Shawn,
The arguments the Protestants have brought forth on their face seem very convincing but they fail to recognize some fundamental points in the larger framework.
First, the Old Testament is full of paradigms that have their counterpart in the New Testament, the Eucharist for example. Jesus took the Passover ritual and brought it to fulfillment in His own sacred meal, which is the Eucharist. It may look different than the Passover meal, but it is rooted in it. This ritual was given to the Apostles to perform, and they possessed the power and authority to do perpetuate it, in and through the actions of the Holy Spirit and Christ Jesus Himself. An examination of Church history will show that this sacred meal was not given to anyone to perform, but those on whose hands the Bishops (successors to the Apostles) had laid hands on.
Secondly, the power to forgive sins was also given to the Apostles (cf. John 20:21ff) and they likewise had the authority and power to perpetuate this action, which truly belongs to Christ himself.
These two actions are the only powers which the ordained priesthood has that differentiate them from the ordinary priesthood of all believers. The ordained Bishops and priests are conducting two activities, rituals, that belong to the very ministry of the Christ himself.

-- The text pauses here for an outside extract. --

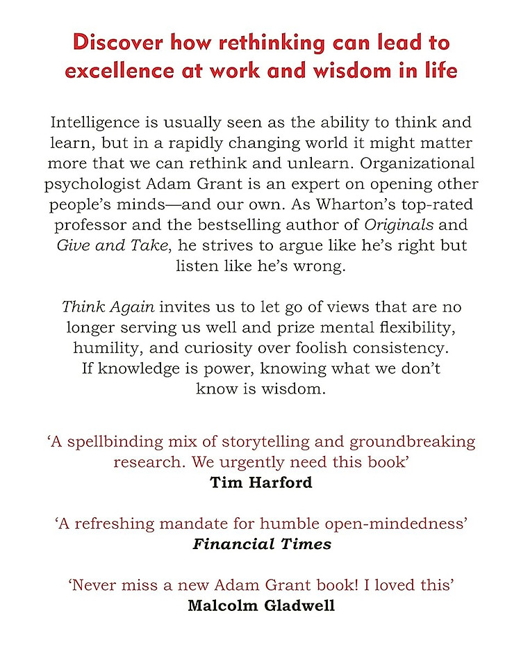 Think Again is a book about the benefit of doubt, and about how we can get better at embracing the unknown and the joy of being wrong. Evidence has shown that creative geniuses are not attached to one identity, but constantly willing to rethink their stances and that leaders who admit they don't know something and seek critical feedback lead more productive and innovative teams.
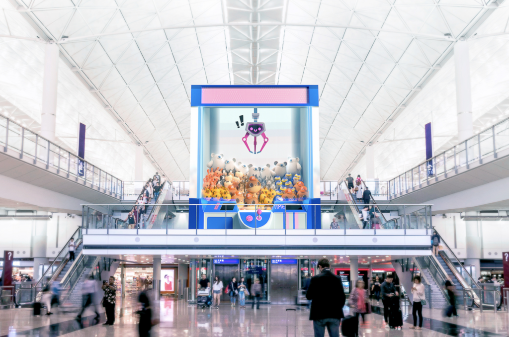 Each installation is strategically positioned to enhance the passenger experience at key moments in the airport journey. In the “Meeters and Greeters” Hall, departing and arriving travelers are welcomed by a Crystal Elevator that reveals snapshots of Hong Kong culture. The Waterfall Gardens encourage moments of repose with a lush interactive ecosystem, while at the departure gates, Totems of Joy combine real-time flight information with creative content to offer each departing traveler a ‘selfie-friendly’ send-off.

Because the Protestants deny the character and reality of these two sacraments, they deny the corresponding power of ordination and priestly ministry required to fulfill them.

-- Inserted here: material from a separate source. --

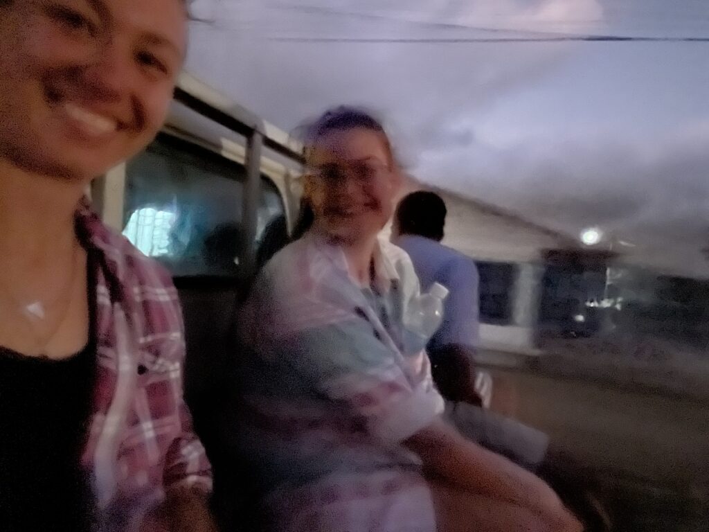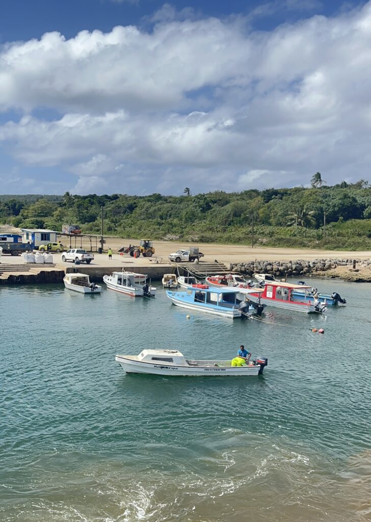 V ceně plavby byla zahrnuta i snídaně – banana bread s čerstvým kokosem, svačina na lodi – banana bread s ovocem a oběd – ryba s rýží nebo hranolkama (vegetariánská verze ryby byla omeleta se zeleninou). Po snídani jsme zase nasedli na korbu pickupu (tentokrát nás tam sedělo 9 + řidič a spolujezdec a já lehce pochybovala o nosnosti vozidla) a vyrazili do přístavu. V přístavu jsme se už jenom nalodili na loďku a vypluli na moře.

They fallacy in their argument is that we require priests to be mediators between God and us, as if they claimed their own mediatorship. That is simply false. Any mediatorship that anyone has is in Christ, rooted in His own, not independent. We all share in it to some extent, especially when we pray and intercede for one another. Priesthood, in the ordained sense, is exactly that, ordained by Christ himself to carry out His own functions. Two special functions which he commissioned the Apostles to perform on His behalf.
So in the end, even though the sacerdotal system of the Old Testament is a framework that is no longer required as it stood, Christ himself calls on the paradigm to bring His own ministry to fulfillment, namely in the powers he invested in the Apostles, which they likewise transmitted to subsequent generations. It does not act as a barrier, but instead brings Christ closer to His people, for he uses their hands to conduct His ministry. It affects the opposite of what they claim.
Almost any Catholic can tell you by their experience that the words of absolution in the Confessional brings Christ close, also affecting great healing and consolation.
They don't know what they are talking about. If they are implying that we can't know God's forgiveness by praying to Him directly they are wrong again. We all do this as well, but Christ knows more about human nature than they admit, and sometimes our faults need the surgical penetration of His Hands — on touch. Hence, the sacrament of Reconciliation.
{Postlogue|Postscript]:
- Why would God spend thousands of years instilling in people whole frameworks of worship and ritual practice if he was simply going to do away with all of it as if it were reprehensible?
The systems were brought to fulfillment, not simple obsolescence or dissolution. Sometimes Protestants will give you the impression there were two mind frames of God, one of the Old Testament and one of the New Testament. There is an organic continuity between both ages, and we should not look at the former in a pejorative light.